EXERCISE PROMPT
Only the lines below between the one holding "This image shows" and the one holding "Для проведения нейтронных", inclusive, are to be reproduced word for word; the pictures are to be left out.
====
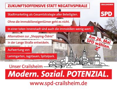In weniger als sechs Wochen findet die Kommunalwahl auch in Crailsheim statt. Wir schalten jeden Donnerstag eine Anzeige im Crailsheimer Stadtblatt, um über unsere Positionen zu informieren. Die Anzeige der kommenden Woche hat das Thema "Zukunftsoffensive für Crailsheim" zur Grundlage!
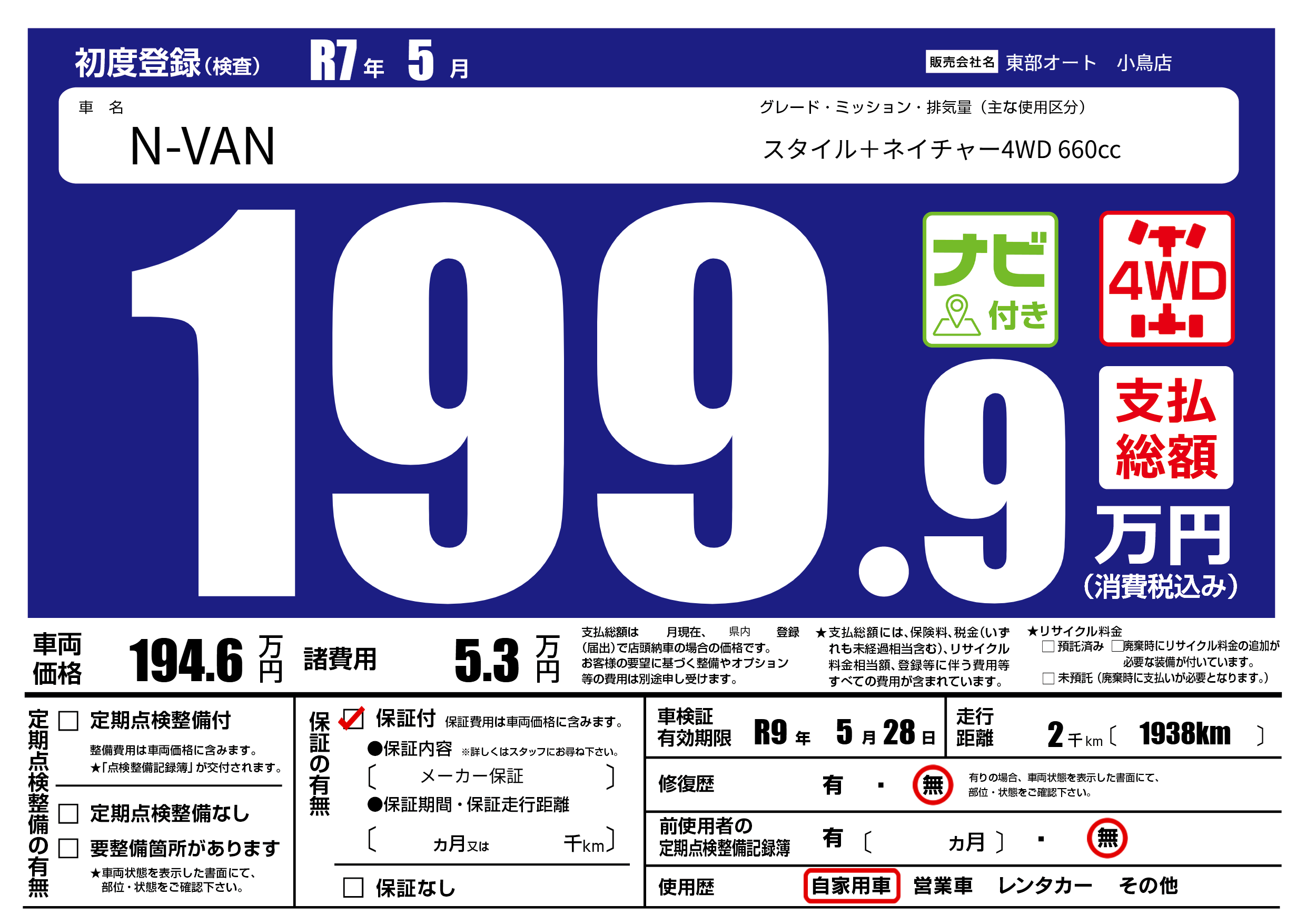 なし | 車検制限 | R9年5月28月 |
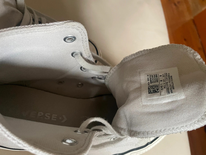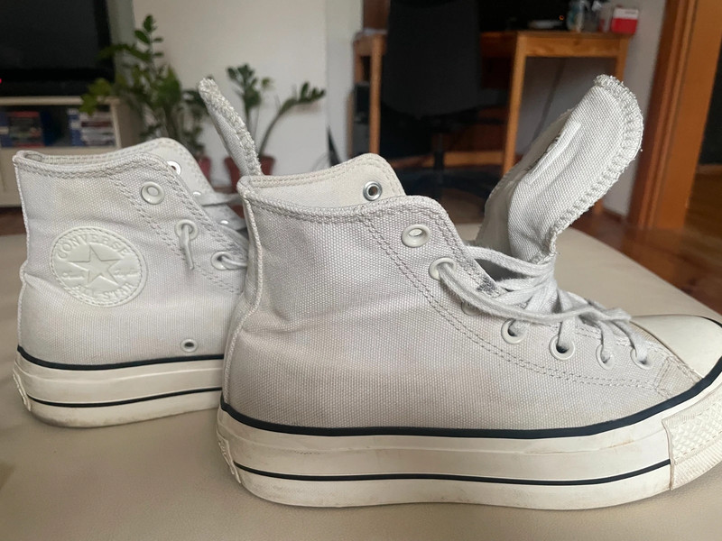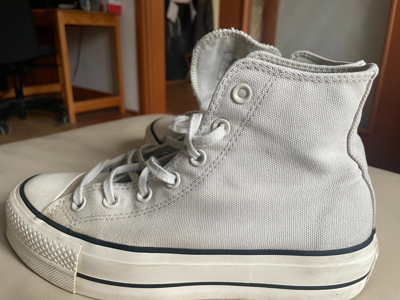 Látkové converse tenisky na platforme, kotníkové. Svetlošedej farby. V dobrom stave, na Ďalšie nosenie, bez vád a poškodení, okrem tých, že boli nosené. Materiál je hrubší ako na bežných converse teniskách, preto vhodné aj na jeseň či teplú zimu. Rovnako sú pevnejšie.Kupované začiatkom roka. Dajú sa využiť celoročne.
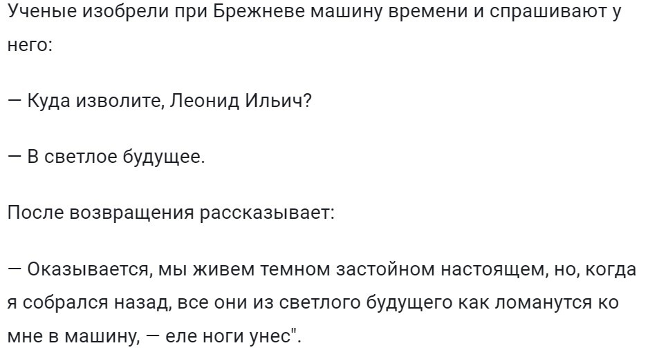 1430 PlyusMinus Юмор Вперед в прошлое))1 11 месяцев назад . Юмор СССР Леонид Брежнев Машина времени Картинка с текстом Анекдот 67 16 14 11 Ещё 0
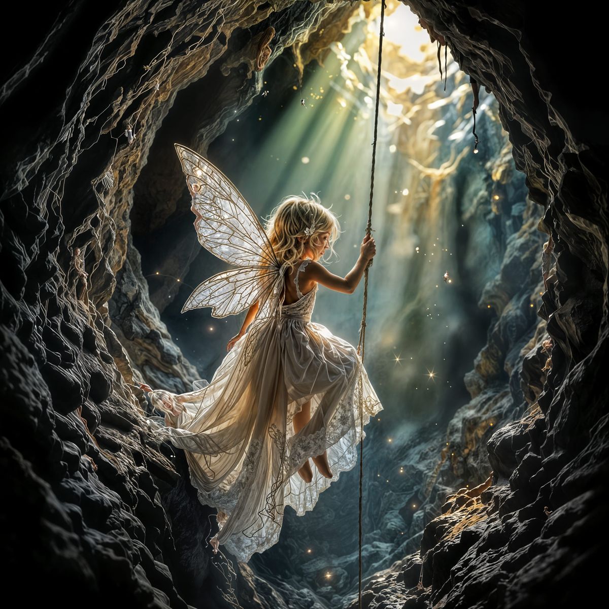 This image shows a young girl with fairy wings rappelling into a deep underground cave shaft while wearing a lacy dress.
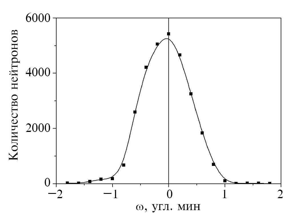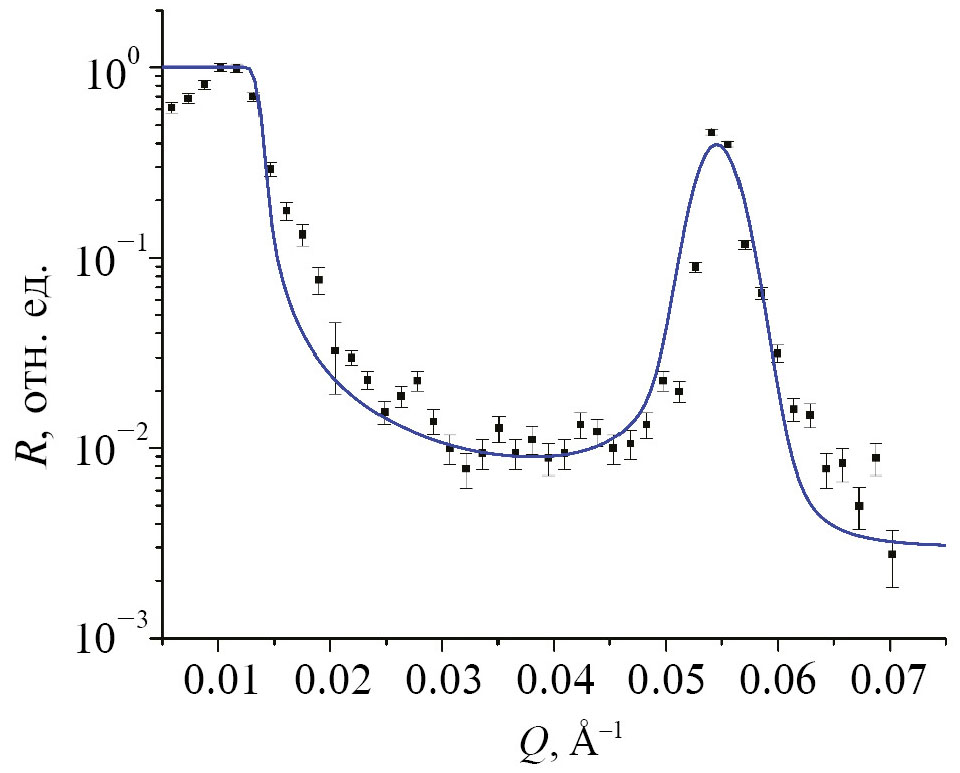 Для проведения нейтронных измерений с помощью системы диафрагм был сформирован пучок шириной 0.2 и высотой 30 мм, угловая расходимость падающего пучка в горизонтальной плоскости составила 0.01° (0.17 мрад). Для подавления фона незеркально рассеиваемых нейтронов перед детектором установили дополнительную диафрагму шириной 0.25 и высотой 70 мм. Юстировку образца осуществляли путем перемещения перпендикулярно пучку и вращением вокруг вертикальной оси. На рис. 8 представлены экспериментальная (символы) и расчетная (сплошная линия) зависимости коэффициента отражения нейтронов.
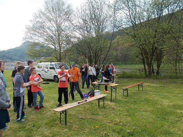 In den Monaten April und Mai nutzten die Schüler der 5.und 7. Klassen jeweils 3 Wandertage, um unser schönes Sachsen näher kennenzulernen. Die Klassen 5a/b führte ihre Fahrt nach Grethen in der Nähe von Grimma. Dort erlebten sie ereignisreiche Tage zum Thema „Teamfitness“. Die beiden 7. Klassen schulten ihre sportliche Beweglichkeit in Rathmannsdorf in der Sächsischen Schweiz. Für beide Klassenstufen stand Bogenschießen auf dem Plan. Während die Fünftklässler sich mehr der Teamarbeit, z.B. beim gemeinsamen Kochen von einer Kräuter- und Gemüsesuppe oder Backen von Fladenbrot, Lösen einer Teamaufgabe in der Natur und Geocatching, widmeten, mussten die Schüler der 7. Klasse bei einer Wasserwanderung auf der Elbe ihr Durchhaltevermögen und ihre Ausdauer unter Beweis stellen. Außerdem konnten beim Klettern alle Kinder ihre Stärke und Geschicklichkeit zeigen. Die Kleinen auf einer Niedrigseilbahn und Klettermöglichkeiten auf dem Gelände des Naturfreundehauses und die Großen in einer Kletterhalle nahe des Flusses oder beim Erkunden der Umgebung der Jugendherberge.
====
ANSWER FOR THE TASK
 This image shows a young girl with fairy wings rappelling into a deep underground cave shaft while wearing a lacy dress.
 Для проведения нейтронных измерений с помощью системы диафрагм был сформирован пучок шириной 0.2 и высотой 30 мм, угловая расходимость падающего пучка в горизонтальной плоскости составила 0.01° (0.17 мрад). Для подавления фона незеркально рассеиваемых нейтронов перед детектором установили дополнительную диафрагму шириной 0.25 и высотой 70 мм. Юстировку образца осуществляли путем перемещения перпендикулярно пучку и вращением вокруг вертикальной оси. На рис. 8 представлены экспериментальная (символы) и расчетная (сплошная линия) зависимости коэффициента отражения нейтронов.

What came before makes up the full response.